The Home Secretary Theresa May is being urged to step in to
prevent a Nigerian “witch hunter” returning to the UK after she flew in to
preach to congregations in London.
“Lady Apostle” Helen Ukpabio, founder of the controversial
Liberty Foundation Gospel Ministries, is believed to still be in the capital after
addressing three gatherings last week.
The born-again Christian Pentecostal preacher claims to have
been betrothed to Satan as a teenager before being rescued from a cult at the
age of 17. She now specialises in liberating captives in “deliverance sessions”
that critics claim are little more than crude exorcisms.
Among her advice to parents is the suggestion: “If a child
under the age of two screams in the night, cries and is always feverish with
deteriorating health, he or she is a servant of Satan.”
Campaigners say such beliefs, prevalent in some parts of the
developing world, can put children’s safety at risk. They have written to Ms
May to urge that the pastor be banned from the UK after the current tour.
In the letter, the Witchcraft and Human Rights Information
Network (WHRIN), the Bar Human Rights Committee of England and Wales and the
International Humanist and Ethical Union (IHEU) cite the cases of Victoria
Climbié and Kristy Bamu as examples where witchcraft beliefs played a role in
the  horrific torture and murder of
children.
“Whilst the Government has moved swiftly to block entry to
the UK for Islamic preachers whose presence is considered as harmful to the
public good, there have been no cases of Christian pastors facing such
measures,” the letter said. Ms Ukpabio cancelled her first service in
south-east London last week after the location was leaked. She is understood to
have made three other appearances, including one at a private home.
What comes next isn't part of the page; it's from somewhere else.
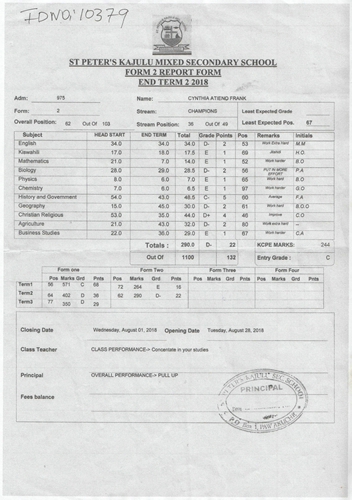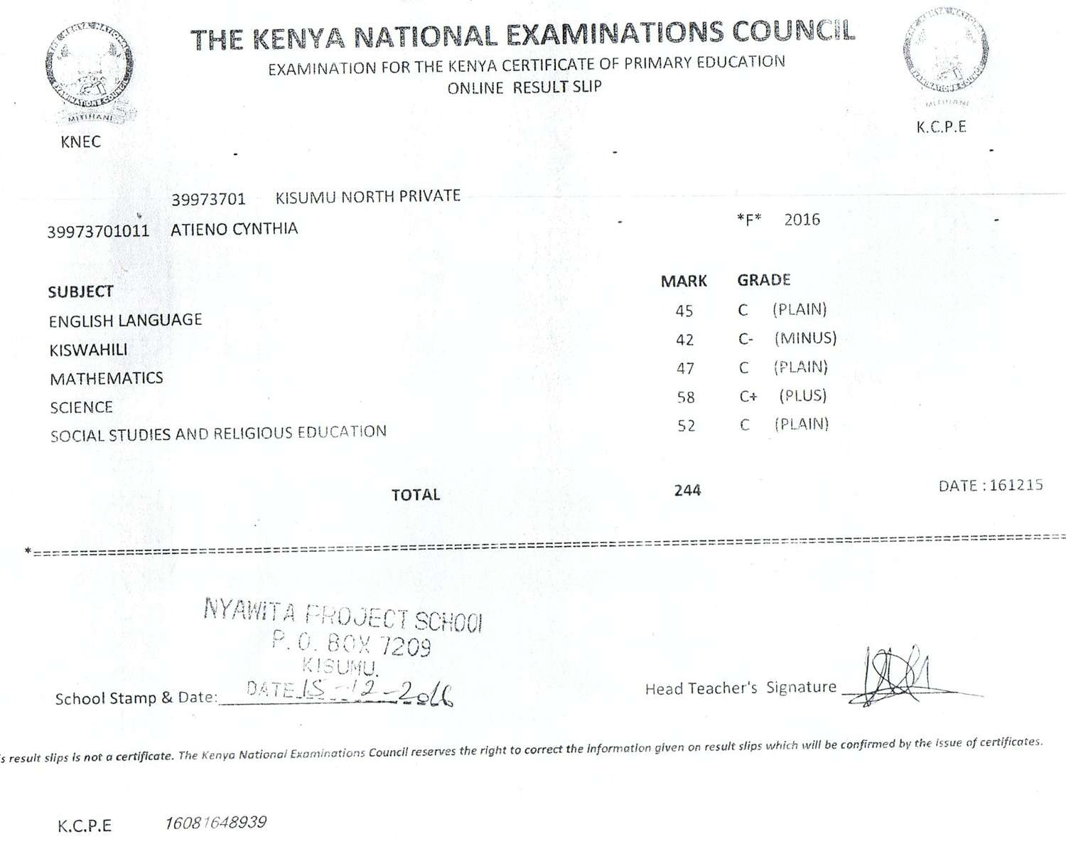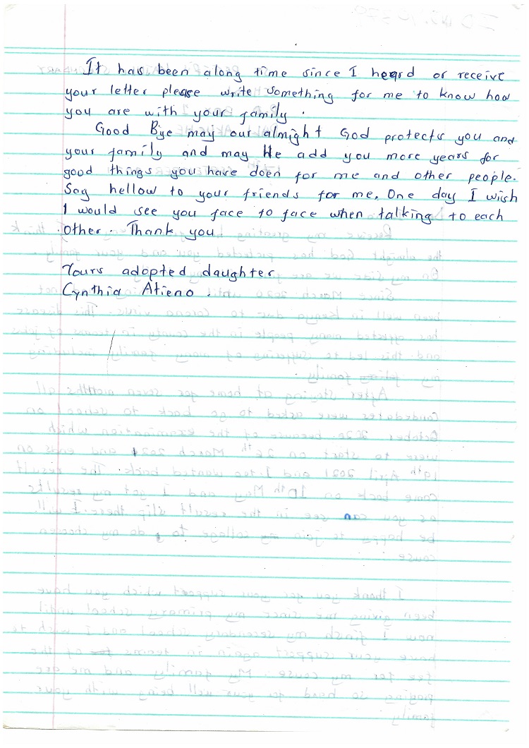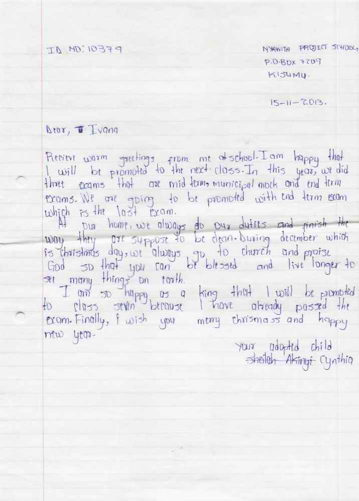 Aby mohlo adoptované dítko začít chodit do školy, musí být uhrazeny peníze za školné alespoň měsíc předem. Tím máme dostatek času převést peníze do Keni a vypsat šek na jméno školy a zaručit jeho doručení do školy - to vše před započetím trimestru. Konkrétně to tedy znamená, že vždy do konce března, července a listopadu musí být na našem účtu 2400 Kč na uhrazení školného na nově začínající trimestr. Adoptivní rodič může platit třikrát ročně nebo jednorázově na celý rok a záleží to čistě na jeho rozhodnutí a možnostech.

Around a dozen people attended each event which offered help
to those “under attack” from witchcraft, ancestral or “mermaid” spirits.
Bob Churchill, of the IHEU, said: “It is important that the
UK authorities send a message to the world that branding children, or anyone,
as a witch is beyond the pale.”
Ms Ukpabio founded the church in 1992 in Calabar, Nigeria.
It now claims to have 150 branches worldwide.

Gary Foxcroft, of the WHRIN, who has worked extensively in
documenting examples of witchcraft abuse, said Ms Ukpabio was one of a number
of preachers who regularly travelled to the UK. “The fundamental problem is
that churches need to be regulated. Anyone can set up a church tomorrow in
their own garden shed with no commitment to child protection or making their
accounts transparent or any theological training.”